Now we'll create the tables that represent our workflow, starting with a table to hold references to source documents. The table contains a single column `source_doc` whose elements have type `pxt.Document`, representing a general document instance. In this tutorial, we'll be working with PDF documents, but Pixeltable supports a range of other document types, such as Markdown and HTML.

In [3]:
docs = pxt.create_table(
    'rag_ops_demo.docs',
    {'source_doc': pxt.Document}
)

Created table 'docs'.


If we take a peek at the `docs` table, we see its very simple structure.

In [4]:
docs

0
table 'rag_ops_demo.docs'

Column Name,Type,Computed With
source_doc,Document,


Next we create a view to represent chunks of our PDF documents. A Pixeltable view is a virtual table, which is dynamically derived from a source table by applying a transformation and/or selecting a subset of data. In this case, our view represents a one-to-many transformation from source documents into individual sentences.
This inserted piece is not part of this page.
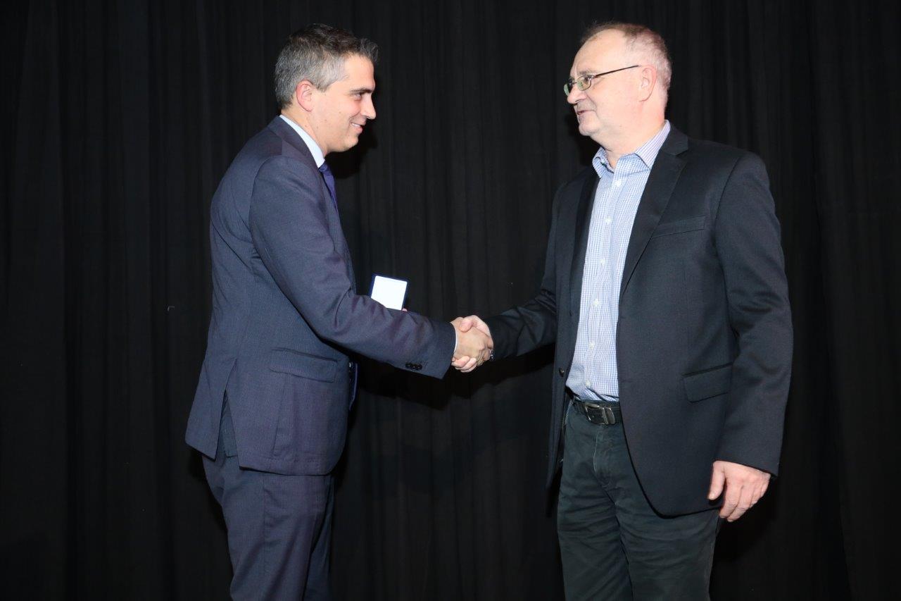 Ο υφυπουργός Χρίστος Δήμας δίνει το μετάλλιο στον Θεοχάρη Λιβιεράτο εκ Πατρών 1ο νικητή σεναρίου μεγάλου μήκους
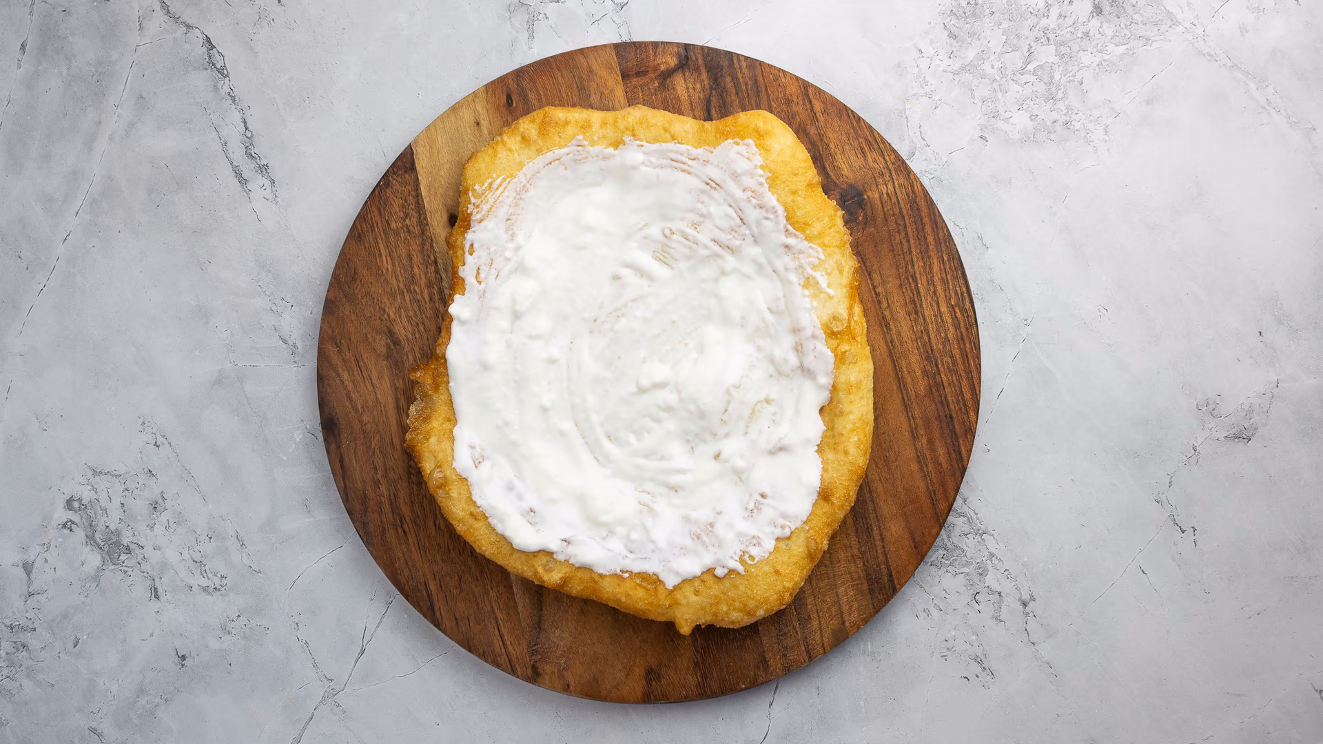 Lángos tejföllel megkenve. Vegetáriánus étrendet követők számára is tökéletesen alkalmas.

This is achieved using Pixeltable's built-in `document_splitter` class.

Note that the `docs` table is currently empty, so creating this view doesn't actually *do* anything yet: it simply defines an operation that we want Pixeltable to execute when it sees new data.

In [None]:
from pixeltable.functions.document import document_splitter

sentences = pxt.create_view(
    'rag_ops_demo.sentences',  # Name of the view
    docs,  # Table from which the view is derived
    iterator=document_splitter(
        docs.source_doc,
        separators='sentence',  # Chunk docs into sentences
        metadata='title,heading,sourceline'
    )
)

Let's take a peek at the new `sentences` view.

In [6]:
sentences

0
view 'rag_ops_demo.sentences' (of 'rag_ops_demo.docs')

Column Name,Type,Computed With
pos,Required[Int],
text,Required[String],
title,String,
heading,Json,
sourceline,Int,
source_doc,Document,


We see that `sentences` inherits the `source_doc` column from `docs`, together with some new fields:
- `pos`: The position in the source document where the sentence appears.
-  `text`: The text of the sentence.
- `title`, `heading`, and `sourceline`: The metadata we requested when we set up the view.

## Data Ingestion

Ok, now it's time to insert some data into our workflow. A document in Pixeltable is just a URL; the following command inserts a single row into the `docs` table with the `source_doc` field set to the specified URL:

In [7]:
docs.insert([{'source_doc': 'https://raw.githubusercontent.com/pixeltable/pixeltable/main/docs/resources/rag-demo/Argus-Market-Digest-June-2024.pdf'}])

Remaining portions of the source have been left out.